I have a string containing the following kind of string in a dataframe : 150,000km
To remove the coma and the km, I’ll do:
a_dataframe[‘a_column’] = a_dataframe[‘a_column’].str.replace(’,’,’’)
a_dataframe[‘a_column’] = a_dataframe[‘a_column’].str.replace(‘km’,’’)
Is there a more elegant way to do this in a single row of code ?
2 Likes
a_dataframe[‘a_column’] = a_dataframe[‘a_column’].str.replace(’,’,’’).str.replace(‘km’,’’)
1 Like
Also, recently I learned from @veratsien you can remove all the non-digit characters using this trick
autos['odometer'] = autos['odometer'].str.replace('\D', '')

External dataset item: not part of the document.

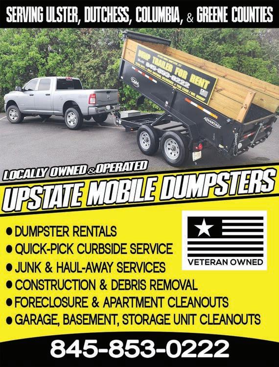 FURNACE & BOILER REPAIR 24 HR EMERGENCY SERVICE SERVICE CONTRACTS FURNACE & BOILER INSTALLATIONS GUARANTEED LOWEST PRICES HOME•FARM•OFF ROAD • 4x4 Delivery Trucks for Hard-to- Reach Driveways • Furnace & Boiler Installations & Repair • Budget Plans, Pre-Buys & Service Contracts • Automatic Delivery •24 Hour Emergency Services Ask About Our .10/gal. Customer ReferralProgram BringingAffordableFueltoOurNeighborsSince2011 45 5 4755 • 7 4 4 45 5 4755 • 7 4 4 FAMILY OWNED ORDER ON-LINE: brickyardpizzany.com We Deliver! 845-246-3001 Lunch Special 2 Slices Cheese Pizza & Can of Soda $6.00 Nominated for BEST PIZZA & WINGS in the HUDSON VALLEY! Now Serving Vegan MENU A FULL ORDER ON-LINE:brickyardpizzany.com We Deliver! Located in Simmons Plaza 3139 Route 9W • Saugerties OPEN: MONDAY –SATURDAY 11AM –9PM • SUNDAY 12 – 8PM 845-246-3001 MONDAY – Large Cheese Pizza.. $11 TUESDAY – Two Dozen Boneless Wings................................... $18 WEDNESDAY – Large Cheese Pizza, Large Garden Salad and Garlic Knots..................................... $21 THURSDAY – Two Large Cheese Pizzas................................... $20 FRIDAY – Two Large Cheese Pizzas and 2 Orders of Boneless Wings.................................. $44 SATURDAY – Any Two Subs....... $16 SUNDAY – Large One Topping Pizza................................... $15 Summer Savings! Firearms & Ammo Bought & Sold PLENTY OF AMMO IN STOCK NEW & USEDGUNS AGA SALES PEPPER GUNS, STUN GUNS, BEAR SPRAY & PERSONAL PEPPER SPRAY IN STOCK ALL NEW YORK STATE COMPLIANT Celebrating 50 years in business! 4508 Route 32 • Catskill, NY 12414 7/10 of a mile South of the light at 23A & 32 Email: agasalesjohn@gmail.com 518-678-5860 Don't Step On A Bee Day ••••• JULY 10 ••••• Bees are essential to our survival & play a big role in balancing our ecosystem. They are great pollinators, produce honey & give us food. This day marks the importance of these insects & the work that they do.

This replaces all non-digit characters with white space. This is super cool.
5 Likes
Or using a comprehension:
your_string = '150,000km'
''.join(c for c in your_string if c not in ',km')
1 Like
Thanks guys, I tried the str.replace().str.replace(), but did not realized it did now work because I was running it on integers…
1 Like
Yea, you probably missed the .str for the second one. It happened to me as well.
Hello @nicolas_mtl,
For your current purpose given answer by @jithins123 is the best way. But another thing you may want to note
That you can add multiple condition in to replace by concatenating each condition by |
pipe.
a_dataframe['a_column'] = a_dataframe.a_column.str.replace(",|km","")
So it will replace ‘,
’ and ‘km
’ both with “” empty string.
4 Likes